The company I work for sells a family of embedded devices. I was the operating system guy working on a new prototype motherboard, when one of our hardware engineers asked for me help with something. One of the stress tests we run on new boards involves sending network traffic at high rates to it. The device is expected to echo all of the traffic right back out, and we verify that no packets are dropped or corrupted. Some boards were failing this test because they were resetting quite early in the test with no explanation as to why. The hardware guy tried replacing various components, and eventually verified that the failure followed the CPU: no matter what board he put the CPU in, that board would reset during the test. Even more disconcerting, he found several CPUs that failed in the exact same way. He thought that the CPUs might be bad, but I knew that the problem at to be on our end somehow.
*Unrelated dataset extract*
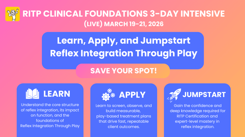 Reflex Integration Through Play is a functional approach for Occupational Therapists treating underlying developmental challenges using reflex integration techniques. It’s a structured way to assess, plan, treat, and lead the care teams for your clients.
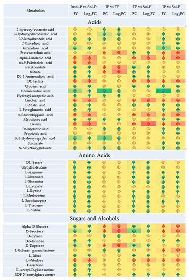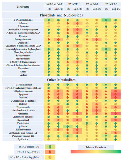 Paired fold change analysis of Important metabolites that are affected by P sources (insoluble P (Insol-P) and soluble P (Sol-P), tricalcium phosphate (TP) vs. iron phosphate (IP), TP vs. Sol-P and IP vs. Sol-P). TP refers to the tricalcium phosphate group; IP refers to the iron phosphate group; Insol-P refers to insoluble P, including TP and IP groups; Sol-P refers to soluble P (dipotassium phosphate) group. Arrows of average fold changes (FC) and log2(FC) are listed and painted with increased coded “blue” (FC > 2, log2(FC) > 1) and decreases coded “red” (FC < 0.5, log2(FC) < −1) with significant changes (p < 0.05). The color of arrow listed “yellow” represent the undetected metabolites or metabolites with no significant FC values changes (0.5 < FC < 2, p < 0.05).

He showed me the failure. The first thing that I noticed was that the system actually became completely unresponsive for about 30 seconds before it finally got reset. It took me a couple minutes, but I finally remembered that we had a last-ditch failsafe built into the hardware that would reboot the machine if it was unresponsive for 30 seconds. I disabled the failsafe and reproduced the failure, and verified that the system now hung indefinitely instead of being rebooted. Ok, that explained the reset, but it was really bad that this failsafe was triggering. This was the absolute last-resort recovery method. For this failsafe to be kicking in, some other failsafes that were able to produce some debugging information about the failure were not even triggering.
Fortunately this particular CPU had some hardware-based debugging capabilities via a JTAG port. Basically you could attach a special piece of hardware to the CPU that would allow you to single-step through instructions or examine memory and register contents from another machine. So we got that set up, and tried to break into the CPU when it hung. Nothing doing. The CPU was almost completely unresponsive even over the JTAG port, which meant that it had gotten into a horribly bad state. What this did tell me was that the software could not be at fault. Something was going wrong with the hardware itself. I told the hardware guy all this, and theorized that there was some power problem on the board. Maybe one of the power rails went marginal when the network card was stressed, and certain CPUs were more sensitive to out-of-spec voltage that others.
After a couple of days he gets back to me. He swears up-and-down that the power is absolutely perfect: everything is well within spec when the failure happens. Also, he’s discovered some more CPUs that fail. The first batch that he’d found would get hung within seconds of starting the test. Some of the new failures would only fail after minutes. And some other ones would only fail after hours of testing. Overall, about 10% of the CPUs that we’ve received fail in this way.
He’s really starting to believe that the problem is bad CPUs. I’m still rolling my eyes, but he’s insistent so I humour him and come up with a test that can rule out the actual CPU being the problem. It’s pretty easy in concept: we have a reference motherboard designed and manufactured by the maker of the CPU. All we have to do is run the same test we run on our hardware on the reference board. If the failure happens there, with all of our hardware removed from the equation, the problem must be the CPU. Now it’s not quite that easy: it takes me about half a day to write a new test that mimics the essentials of our network test, but run on the reference board. We try it and, surprise, surprise, it doesn’t fail.
The hardware guy goes off to investigate more. Eventually he comes back and says that he’s not entirely sure which CPU we tested on the reference board. It might have been one of the ones that didn’t fail immediately, but only after minutes or hours. He wants to re-run the test with a CPU that he knows will fail in seconds.
Well, now that the test has already been written that’s easy enough to do, so we set up the test. Within five seconds the reference board was completely hung. My jaw hit the floor at this point. Honestly, I think that I could probably go the rest of my career without ever running into another CPU bug like this again.
So we write up a bug report for the manufacturer and send them our reference board test setup. Honestly, I was expecting a little more reaction from the company. Here we had proved that if you sent network traffic at high rates at a system with their CPU that it stood a good chance of freezing completely. We got one support-level engineer looking at it for 2-3 months. Then they finally escalated it to the design team. Within a week they announced to us that another company that used that CPU had run into the same issue, so now it was the highest priority in their division.
I guess that other company must have been a big one.
I don’t really have a good resolution to the story. There was a race condition in the memory controller that our test stood a good chance of losing. Really, I just wanted to one-up the “I found a bug in a compiler story”.